Context Management for LLM Agent Systems
Contact Me
- Blog: https://cugtyt.github.io/blog/llm-application/index
- Email: cugtyt@qq.com
- GitHub: Cugtyt@GitHub

Building on the concepts from Standardize the Agent Lifecycle, Agentic Conversation Management, Context Offload via Sub-Agent, and Git Context Memory.
In complex LLM applications, effective context management is critical for maintaining performance, coherence, and scalability. This post presents an integrated approach that combines three complementary strategies: conversation management, sub-agent offloading, and Git-based context storage—creating a comprehensive solution for handling context at multiple levels.

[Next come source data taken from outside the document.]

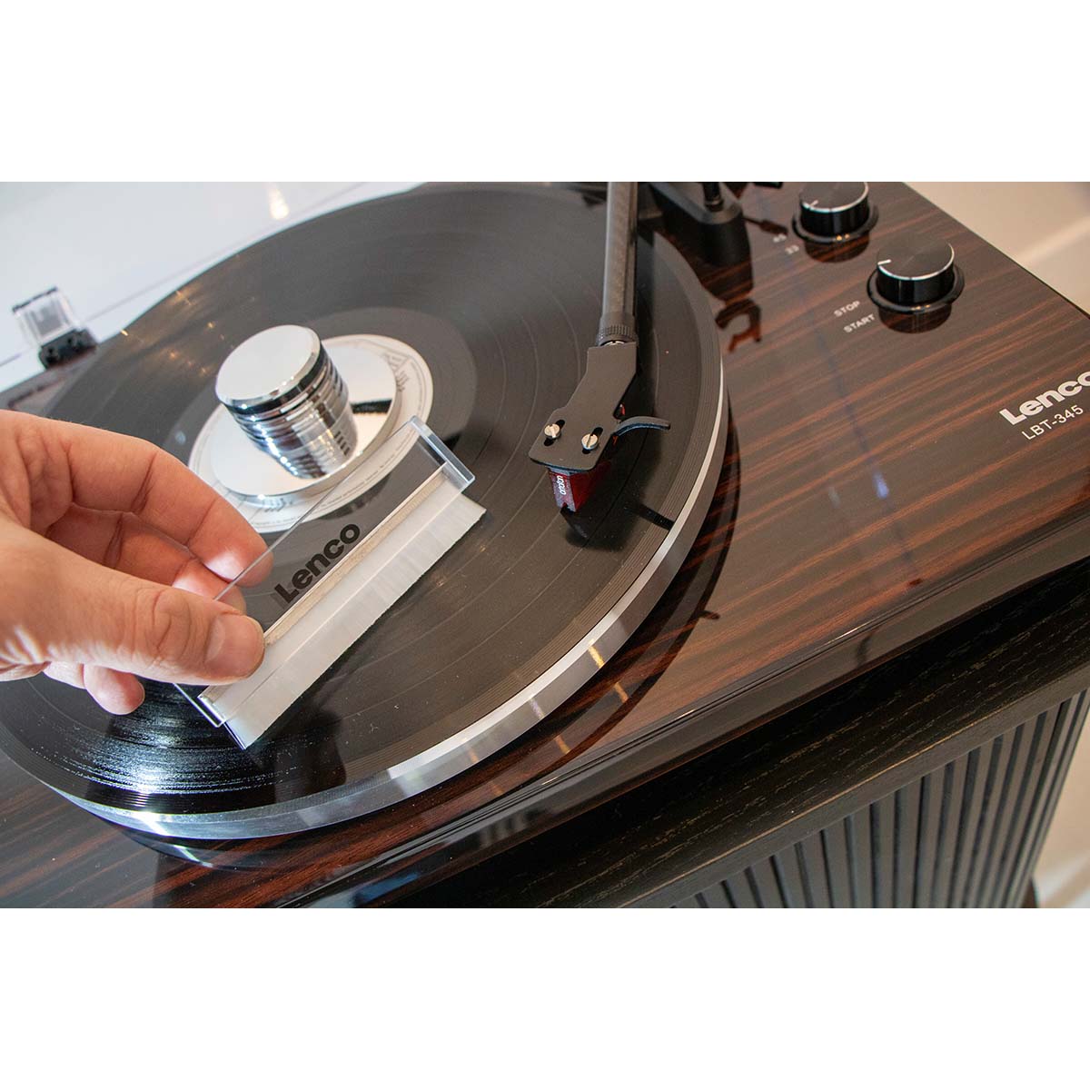 Delikatnie przesuwając szczoteczkę po powierzchni płyty, usuwamy kurz, brud i inne cząstki znajdujące się w rowkach płyty. Dzięki temu uzyskasz mniej szumów tła i wyraźniejszy dźwięk. Dzięki właściwościom antystatycznym szczoteczki do płyt, szczoteczka eliminuje także ładunki elektrostatyczne, ograniczając przyciąganie kurzu nawet po czyszczeniu.
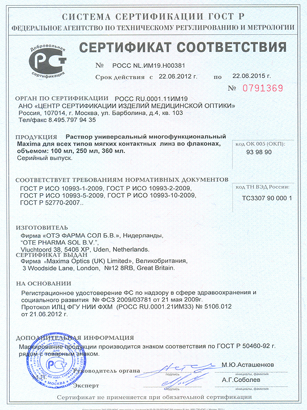 Раствор для линз Maxima 250 мл + контейнер
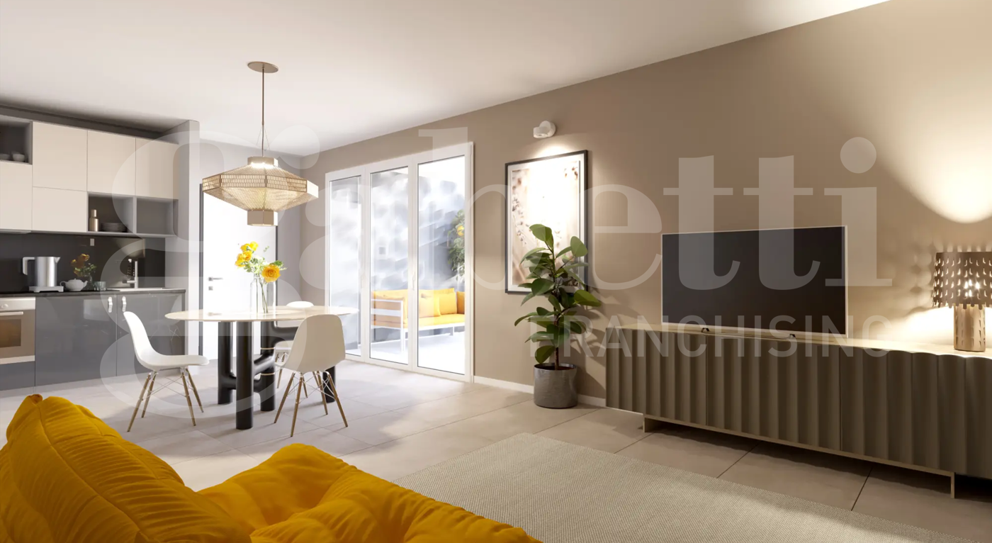 Le tipologie poste al piano terra presentano giardini esclusivi mentre quelle ai piani superiori sono caratterizzate dalla presenza di un ampio terrazzo, vera e propria estensione all'aperto dell'appartamento, per una vivibilit in continuit con gli spazi living.
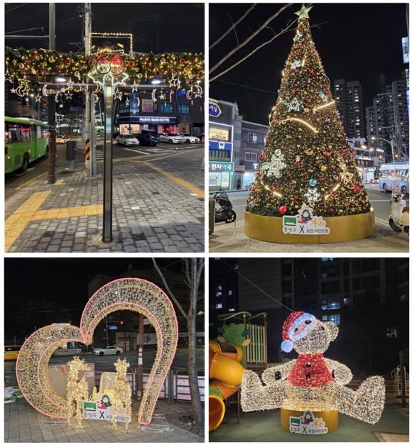구는 구민들이 따뜻한 연말 분위기를 느낄 수 있도록 관내 그늘막과 권역별 인도광장·교통섬 등에 크리스마스 장식을 설치했다며 이같이 밝혔다.
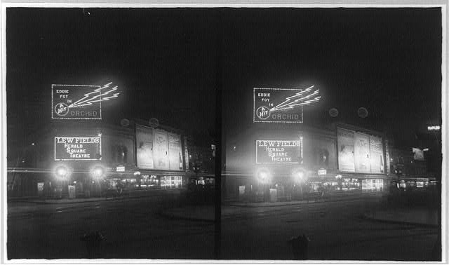 Broadway and Herald Square Theatre at night, New York City 1907 (LOC)
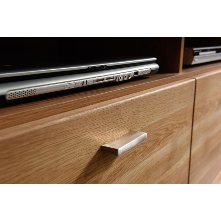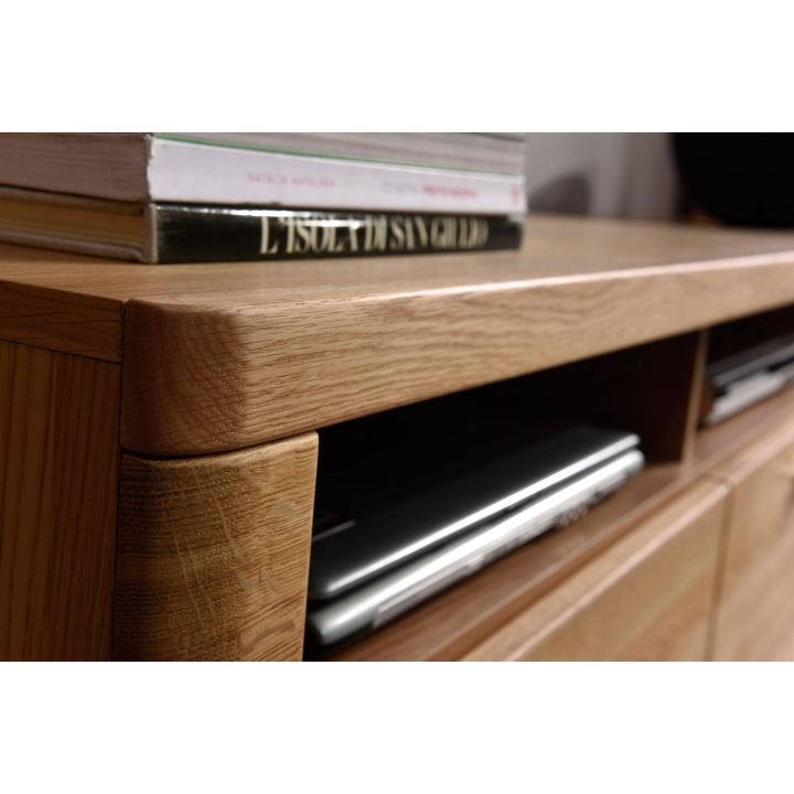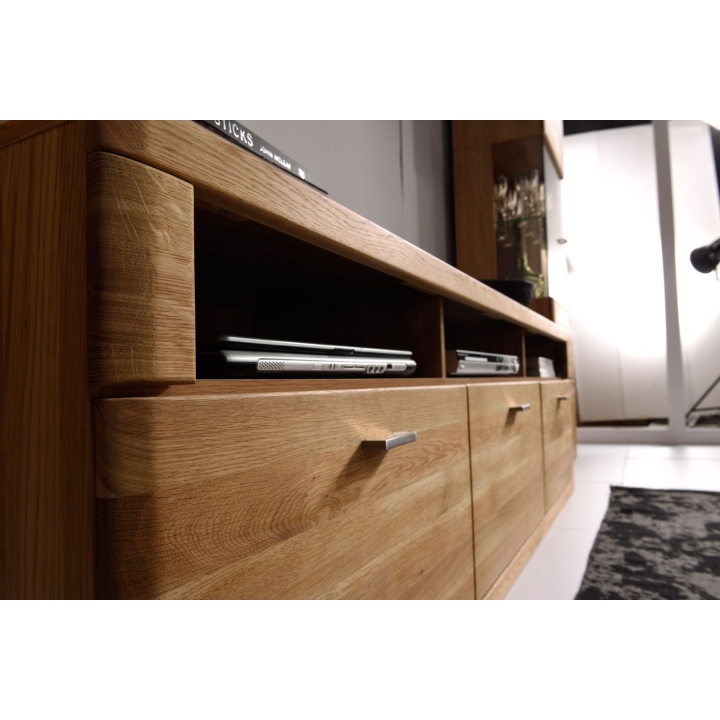 The type 25 RTV cabinet from Dekort 's Boston collection is a modern piece of furniture with a simple and timeless form. The furniture was made from the highest quality materials, thanks to which it is distinguished by durability and strength. The Boston RTV cabinet has three capacious and practical drawers and three open niches for TV equipment. The furniture is available in natural oil colouring.

The Context Management Challenge
As LLM agents work on complex tasks, they face several context-related challenges:
- Context Window Limits: Conversations can exceed the model’s context window
- Performance Degradation: Long conversations increase latency and reduce response quality
- Cost Issues: Longer contexts mean higher API costs per call
- Information Loss: Important information gets lost when context is truncated
- Task Complexity: Complex tasks require maintaining multiple parallel contexts
- Persistence Needs: Context needs to be saved and retrieved across sessions
Traditional approaches like simple truncation or basic summarization are insufficient. We need a multi-faceted strategy.
Three Complementary Strategies
1. Conversation Management: Real-Time Optimization
What It Does: Cleans up and optimizes the current conversation to fit within the LLM’s context window
Scope: Works on the active conversation only, affecting what’s currently being processed by the LLM
How It’s Triggered:
- LLM-triggered: LLM can call conversation management tools when it decides optimization is needed, or when system provides token pressure information in messages (e.g., “Current token usage: 7500/8000”), allowing the LLM to proactively manage the conversation
- System-forced: System must force conversation management when token limits are exceeded, as the conversation cannot continue without cleanup
Available Tools:
-
edit_message(message_id, new_content): Modify a specific message in the conversation to condense or clarify its content. Useful for rephrasing verbose messages while preserving key information.
-
delete_message(message_id): Remove a specific message from the conversation history. Use this to eliminate outdated, redundant, or irrelevant messages that no longer contribute to the current context.
-
summarize_messages(start_id, end_id): Condense a range of consecutive messages into a single concise summary message. This is particularly effective for compressing lengthy back-and-forth exchanges or tool call sequences into their essential outcomes.
Example:
def conversation_management_agent(conversation, management_goal, llm_call):
management_tools = [edit_message, delete_message, summarize_messages]
while not is_goal_achieved(conversation, management_goal):
llm_output = llm_call(conversation, management_goal, management_tools)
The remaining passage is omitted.